- Film poster
- French: Le Guide de la famille parfaite
- Directed by: Ricardo Trogi
- Written by: François Avard Jean-François Léger Louis Morissette
- Produced by: Louis-Philippe Drolet Félize Frappier
- Starring: Louis Morissette Catherine Chabot Émilie Bierre Isabelle Guérard
- Cinematography: Geneviève Perron
- Edited by: Yvann Thibaudeau
- Music by: Frédéric Bégin
- Production company: KO24
- Distributed by: Les Films Opale Netflix
- Release date: July 14, 2021;
- Running time: 102 minutes
- Country: Canada
- Language: French

= The Guide to the Perfect Family =

The Guide to the Perfect Family (Le Guide de la famille parfaite) is a Canadian comedy-drama film, directed by Ricardo Trogi and released in 2021. The film stars Louis Morissette and Catherine Chabot as Martin Dubois and Marie-Soleil Blouin, a married couple with a tendency toward helicopter parenting. This creates problems for Rose (Émilie Bierre), Louis's 16-year-old daughter from his prior marriage to Caroline (Isabelle Guérard).

The film premiered theatrically in Quebec on July 14, 2021. It was acquired by Netflix for international distribution.

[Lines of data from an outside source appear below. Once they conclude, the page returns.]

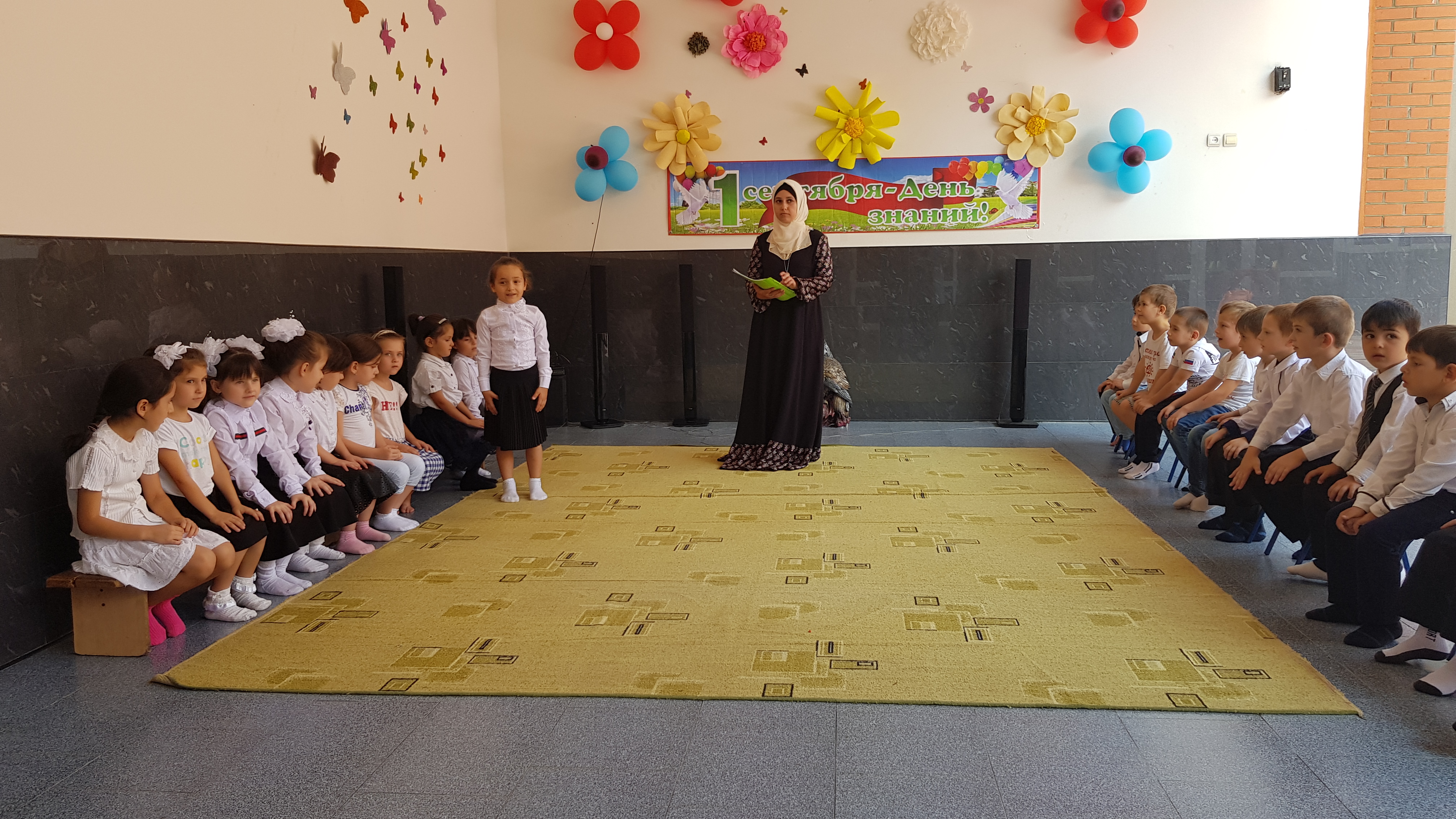 А 3 сентября 2018 г. в МБДОУ «Детский сад «Хадижа» с.Гехи» прошло мероприятие посвященное Дню знаний. По традиции педагоги приготовили праздничное представление с играми, танцами и разными сюрпризами: помогали любимому персонажу Мальвине перевоспитать Буратино, радовались хорошим поступкам, исправляли плохие.
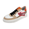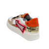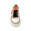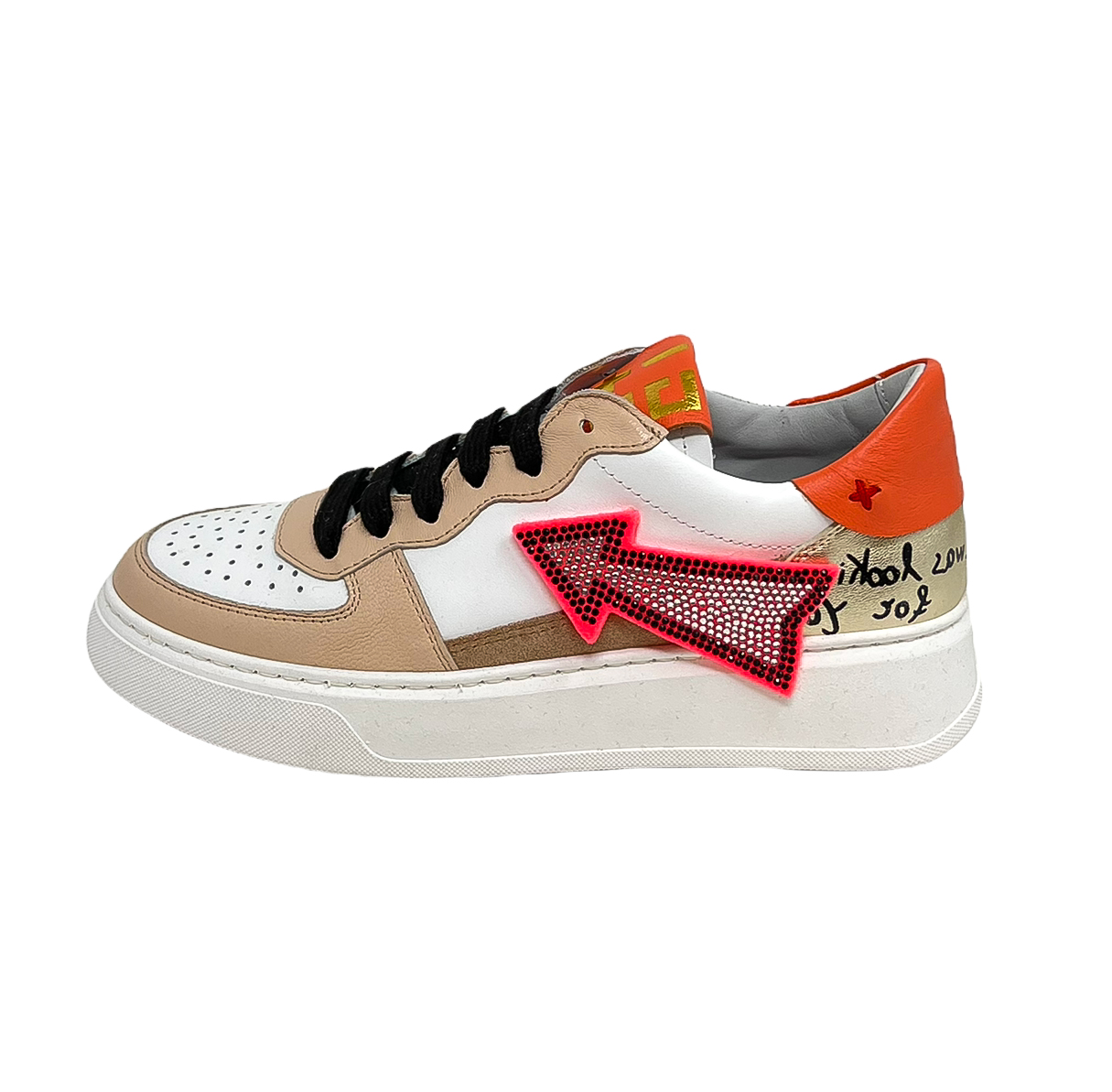 Sneaker in pelle bianca e beige con freccia laterale fuxia e cuore sull’altro piede fuxia
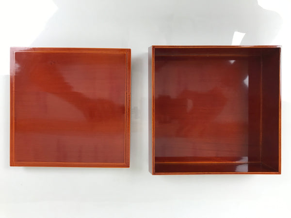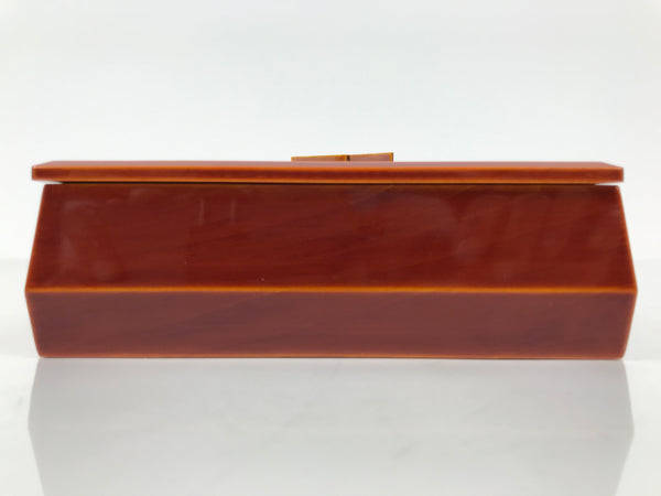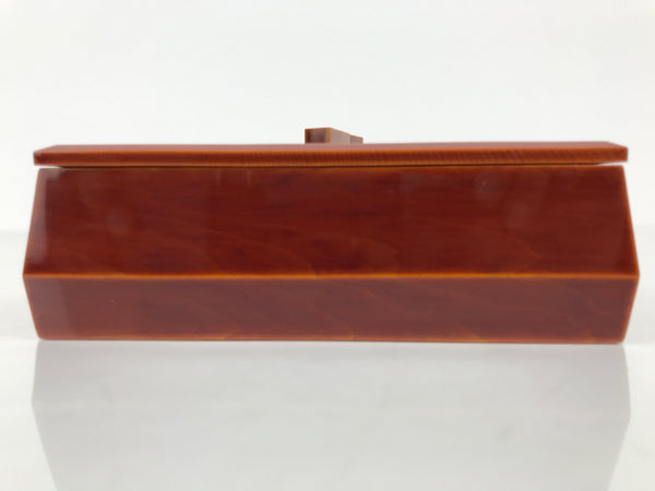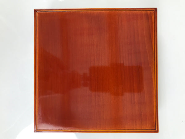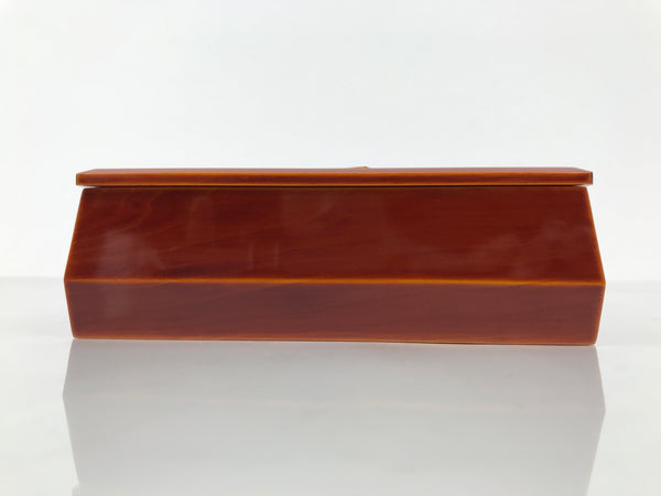 This is a vintage Japanese lacquered bento lunch box called jubako. It is caramel brown, true to the shunkei-nuri style of lacquerware. It features angled sides and the lid handle in the shape of a closed folding fan. While it can be used for small meals, it can also be used as a sweets container or kashiki for sencha and tea ceremonies. It comes with the original Washi paper box.
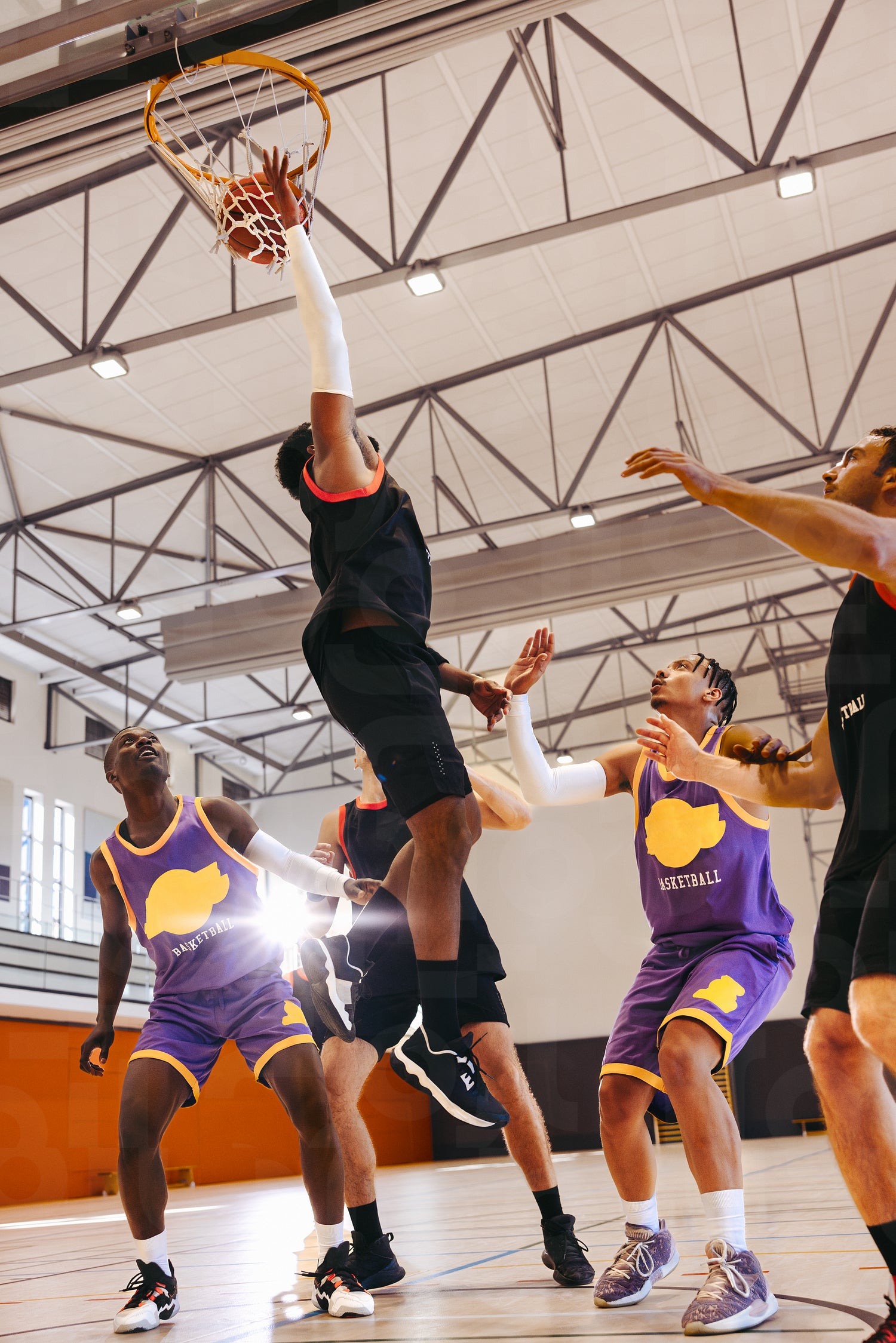 Basketball players in action on an indoor court, focusing on an athlete performing a dunk while surrounded by teammates and opponents, emphasizing teamwork, energy, and competition during a game.
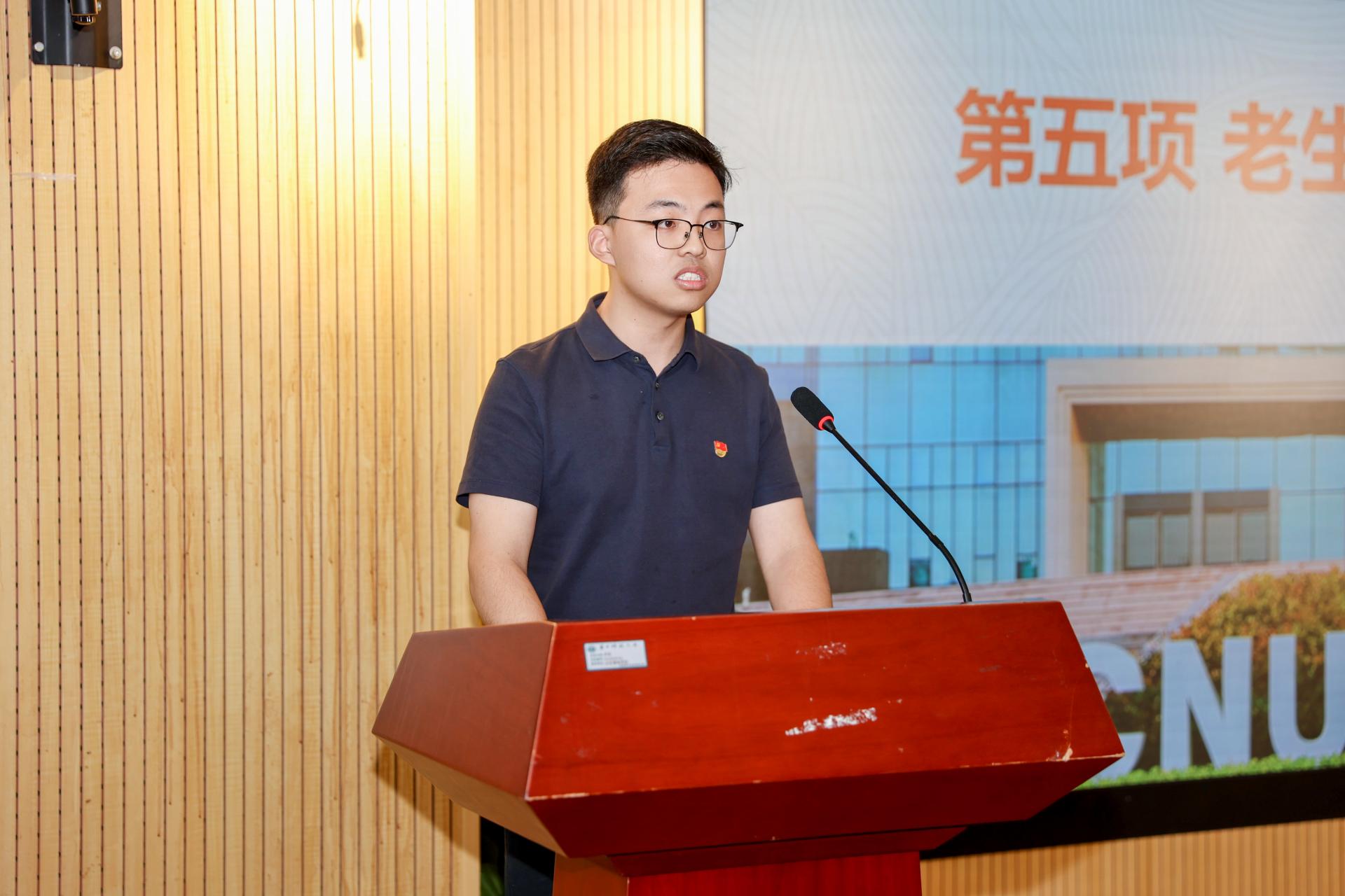 老生代表张进澳发言。他分享了自己在学习科研和生活成长中的感悟,他强调学习科研要埋头苦干、保持初心,同时要加强与老师的交流、与同学的合作。他还提到,新生同学们要向下扎根、向上生长,在成长道路上行稳致远,书写自己精彩篇章。
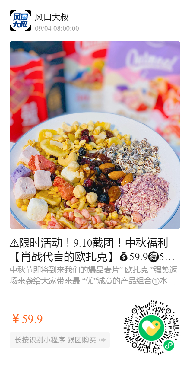 ️限时活动!9.10截团!中秋福利【肖战代言的欧扎克】59.9️5袋麦片+送两袋坚果,共7包!麦片天花板‼
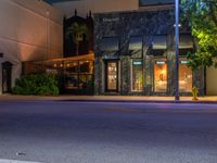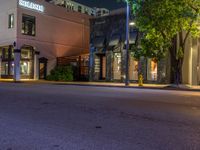 The bustling urban life in Miami Beach, Florida, USA is illuminated by artificial light as shoppers explore the modern architecture and street lights that line the road at night.
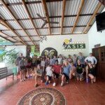 We then hopped back into the buses and drove into the town of La Fortuna. There we spent time shopping, talking to people, and practicing our Spanish. Afterwards we were treated with a wonderful lunch from a local pizza restaurant. After our hunger was finally satiated we drove to a wildlife sanctuary named ASIS. When we arrived we were greeted by a very friendly guide named Carlos. He brought us through the sanctuary where we saw many animals such as macaws, monkeys, and toucans as well as witnessing a wild sloth among the treetops. Carlos taught us about the dangers of keeping wild animals as pets. It opened our eyes to the hardships faced by animals. After our tour we were treated with freshly baked cookies as well as lemonade. As we rode back to the hotels we saw a big tropical thunderstorm. We ran through the rain and while we waited for the storm to end we connected with our classmates. After relaxing and swimming in the pool we headed up to dinner. There we had chicken fingers, salad and a tropical drink. Truly a wonderful day as well as a spectacular sendoff to our next adventure at the beach.
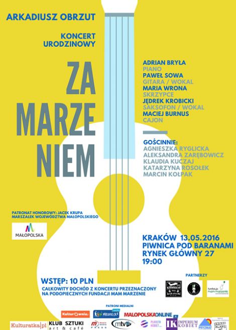 13 maja o godzinie 19:00 w Piwnicy Pod Baranami pod Honorowym Patronatem Jacka Krupy Marszaka Wojewdztwa Maopolskiego odbdzie si koncert urodzinowy Za marzeniem aktora-wokalisty Arkadiusza Obrzuta!
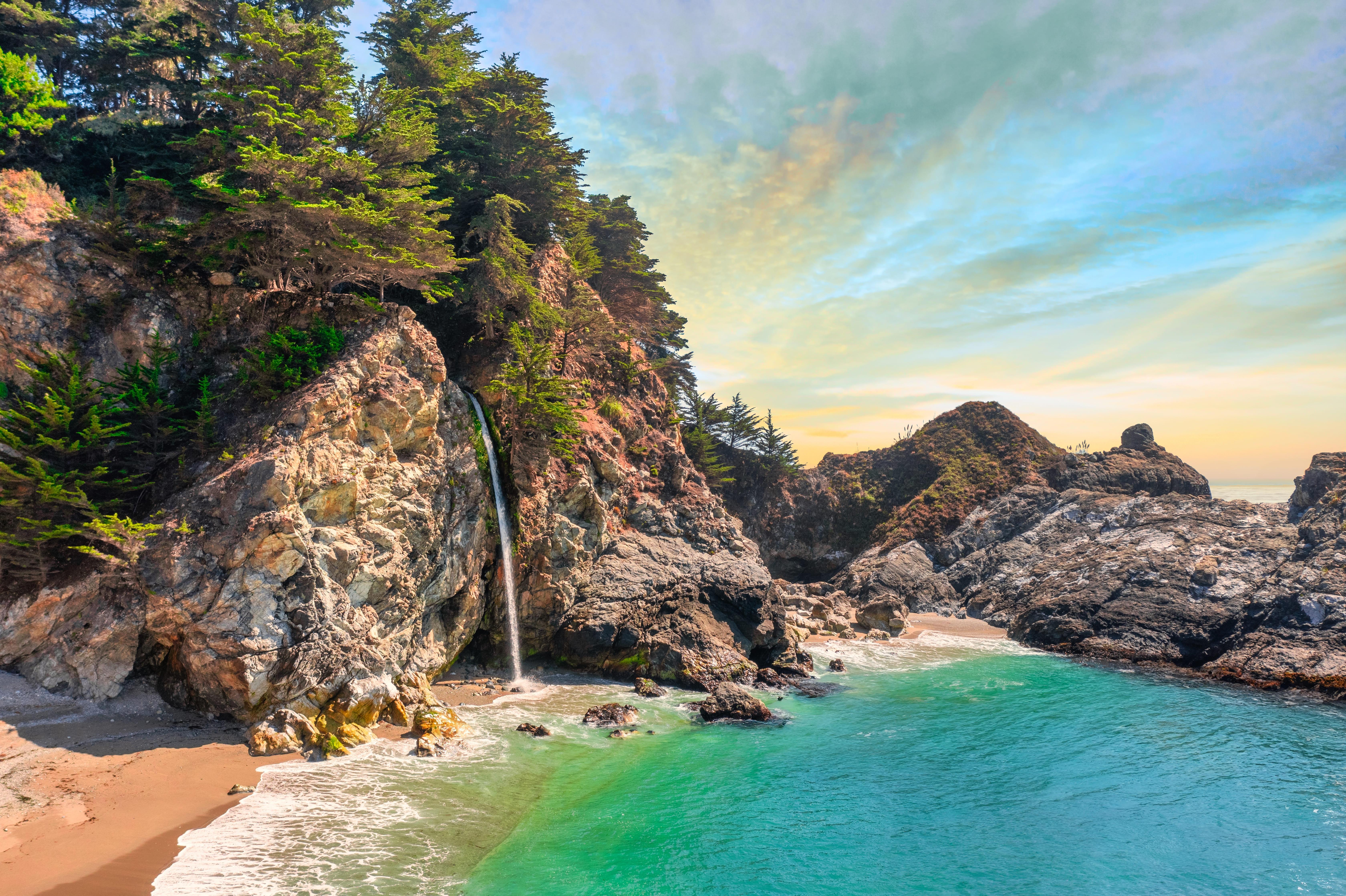 Bäche und Flüsse, die durch die Regenfälle des Winters aufgefüllt wurden, sorgen für größere Wasserfälle. Besonders beliebt sind die McWay Falls im Julia Pfeiffer Burns State Park und die Pfeiffer Falls im Pfeiffer Big Sur State Park.
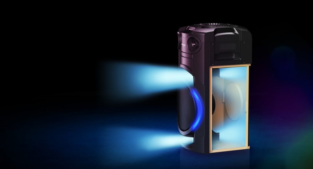 Modré LED podsvícení okolo reproduktoru vykouzlí nezapomenutelnou atmosféru při libovolné příležitosti. Velikost reproduktoru je 28,5×58,5×30,3 cm a hmotnost 10,2 kg.
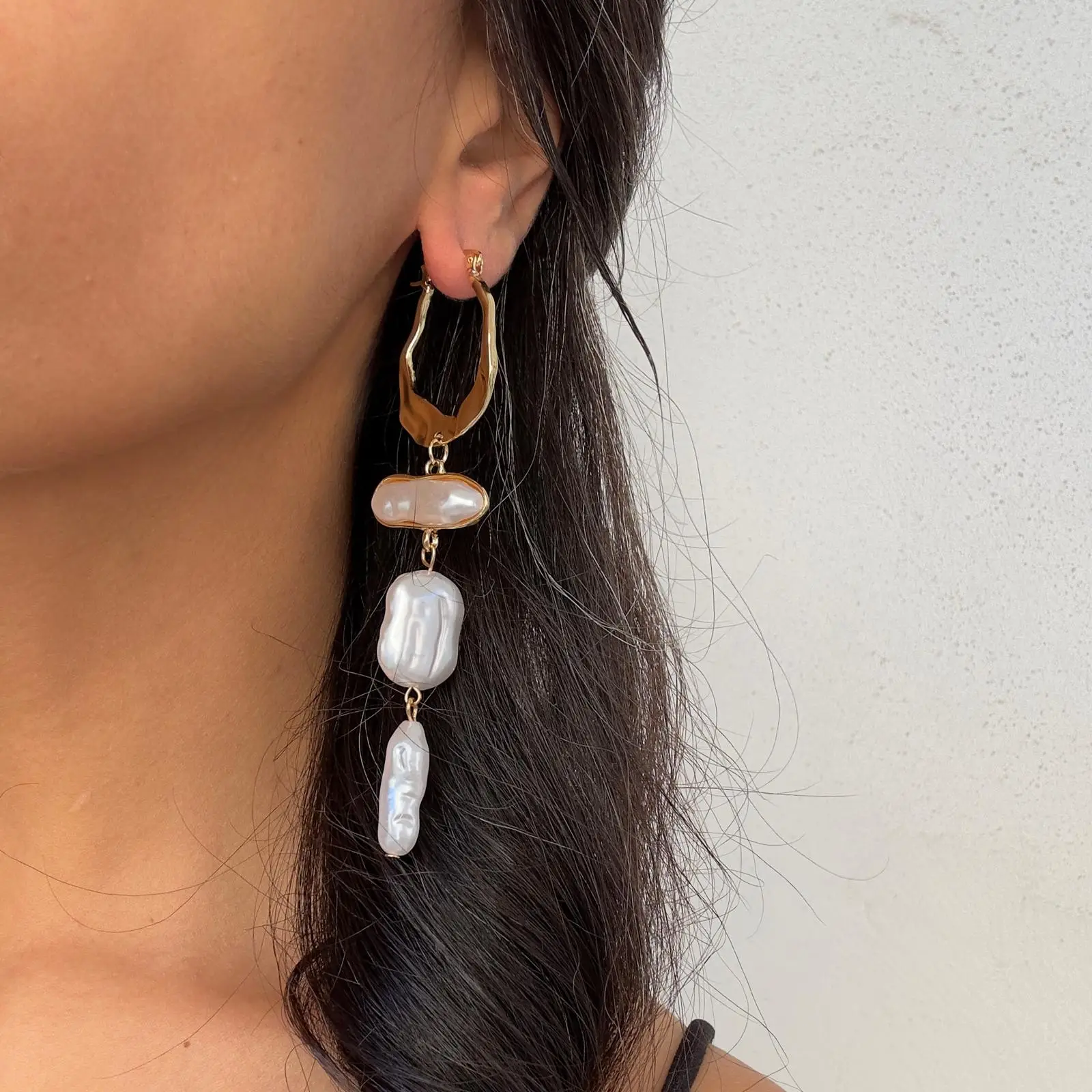 GY0232 Gold İnci Detay Sallantılı Küpe

In its year-end review of Canadian film and television in 2021, the trade magazine Playback ranked it as the Film of the Year.

==Plot==

Middle-aged father Martin Dubois hires the young Pier-Luc solely due to him being the son of a colleague. This new employee is unwilling to put in any effort to complete a contract: "I don't work under pressure." He is driven by a desire to achieve, but he hates being given a heavy workload and he is unwilling to accept any repercussions from his superior. Martin loses a significant promotion after losing a major contract under Pier-Luc's responsibility.

After school, Rose Dubois is constantly reminded by her father Martin not to forget her dance and hockey practices, as well as her tutoring sessions. He repeatedly tells her that her future success rides on doing well in Grade 11 because, if not, she might end up getting a low-paying job in the future such as a cashier at a convenience store. The pressure Rose feels leads her to use and trade drugs for past exam papers in order to satisfy her father's demands for academic success.

As her final exams approach, Martin suggests that he and Rose spend the weekend visiting her grandparents. They find themselves in the woods near a lake, where he hopes to reconnect with his daughter. During an activity that starts off well, a conflict erupts, giving Rose the opportunity to express that she never feels she lives up to him aspirations. Upon their return to the city, she goes to live with her mother, Caroline.

During a mother-daughter evening, Rose returns alone to their apartment. After accessing her final exams online, sad about the results and desperate, she drinks a bottle of wine and takes a lot of pills she finds in a cupboard. The next morning, Caroline finds her daughter lying unconscious on the bathroom floor.

Caroline contacts an ambulance to rush her to the hospital. She calls Martin, who hurries to meet them there. Rose pulls through. Afterwards, both she and Martin apologize to each other and she goes back home with him.

A short time later, father and daughter and little brother Mathis go to a park for ice cream. The boy goes to play on the swings, tripping and falling on his face on his way. Martin motions to help him, but Rose insists he stay back so the boy can learn.